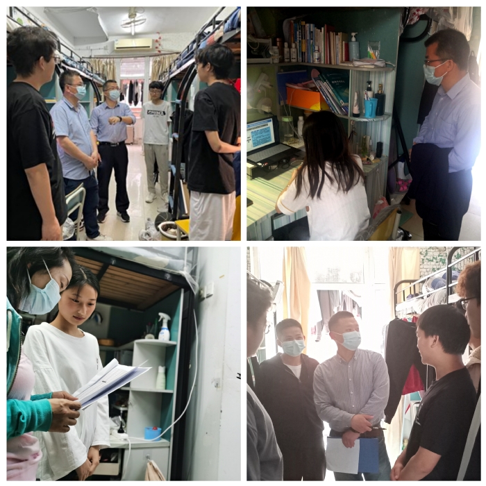 齐心协力保稳定。自4月17日学校封闭管理后,面对学院学工队伍只有2人在校内,而在校学生约2000人的现状,学院党委副书记、院长韩军立即召开在校教师疫情防控会,要求在校内住宿的8名专职教师也加入到学工队伍来,两两分组对我院4个年级学生实行包保责任制,并下沉到学生宿舍,查看学生线上上课等学习情况;了解学生的思想动态,帮助学生解决学习与生活困难等。我院在校教师郑咏秋研究员、周璐坦博士、侯雪峰博士、宋孝君博士、陈颖、陶灿、张袁祥、张会宁、吕业超、唐保露等均积极参与到校内抗疫工作,深入到学生宿舍,做好学生思想工作,充当志愿者配合学校对学生开展每日核酸检测,确保校园安全稳定。
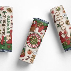 Festive Design: Featuring a Christmas Cafecito y Chisme pattern, this tumbler makes a great holiday gift idea.
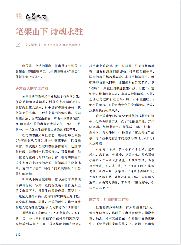 在杜甫晚年回忆青少年时代的《壮游》诗中,似乎也印证了这一点:“七龄思即壮,开口咏凤凰。九龄书大字,有作成一囊。”杜甫10余岁时,曾发生过一个神奇的“康水采文”故事,这个故事更有唐末冯贽撰写的《云仙杂记》为之呼应:
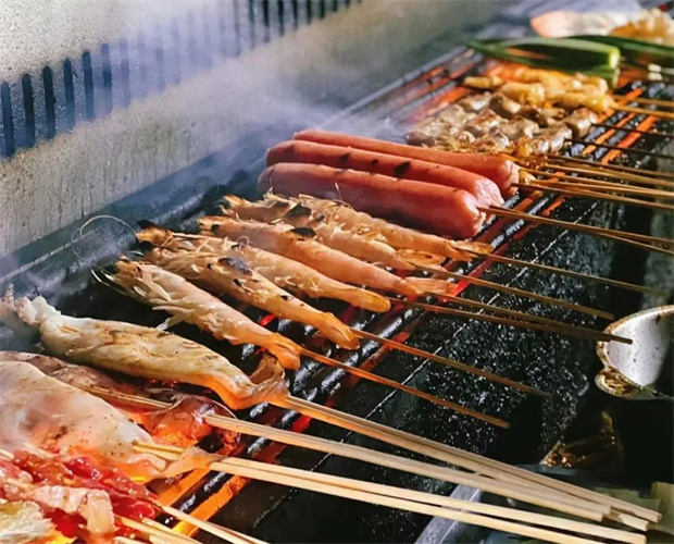一串串滴著油的烤肉在炭爐上被一雙老練的手翻烤刷醬,食客挑選好入座,有說(shuō)有笑,一邊喝酒一邊聊天,似乎只有這樣才能忘卻工作一天的辛勞。

· · · ·

Exercise goal: For this step, transcribe all the material above exactly and drop the images.

Answer:
 齐心协力保稳定。自4月17日学校封闭管理后,面对学院学工队伍只有2人在校内,而在校学生约2000人的现状,学院党委副书记、院长韩军立即召开在校教师疫情防控会,要求在校内住宿的8名专职教师也加入到学工队伍来,两两分组对我院4个年级学生实行包保责任制,并下沉到学生宿舍,查看学生线上上课等学习情况;了解学生的思想动态,帮助学生解决学习与生活困难等。我院在校教师郑咏秋研究员、周璐坦博士、侯雪峰博士、宋孝君博士、陈颖、陶灿、张袁祥、张会宁、吕业超、唐保露等均积极参与到校内抗疫工作,深入到学生宿舍,做好学生思想工作,充当志愿者配合学校对学生开展每日核酸检测,确保校园安全稳定。
 Festive Design: Featuring a Christmas Cafecito y Chisme pattern, this tumbler makes a great holiday gift idea.
 在杜甫晚年回忆青少年时代的《壮游》诗中,似乎也印证了这一点:“七龄思即壮,开口咏凤凰。九龄书大字,有作成一囊。”杜甫10余岁时,曾发生过一个神奇的“康水采文”故事,这个故事更有唐末冯贽撰写的《云仙杂记》为之呼应:
一串串滴著油的烤肉在炭爐上被一雙老練的手翻烤刷醬,食客挑選好入座,有說(shuō)有笑,一邊喝酒一邊聊天,似乎只有這樣才能忘卻工作一天的辛勞。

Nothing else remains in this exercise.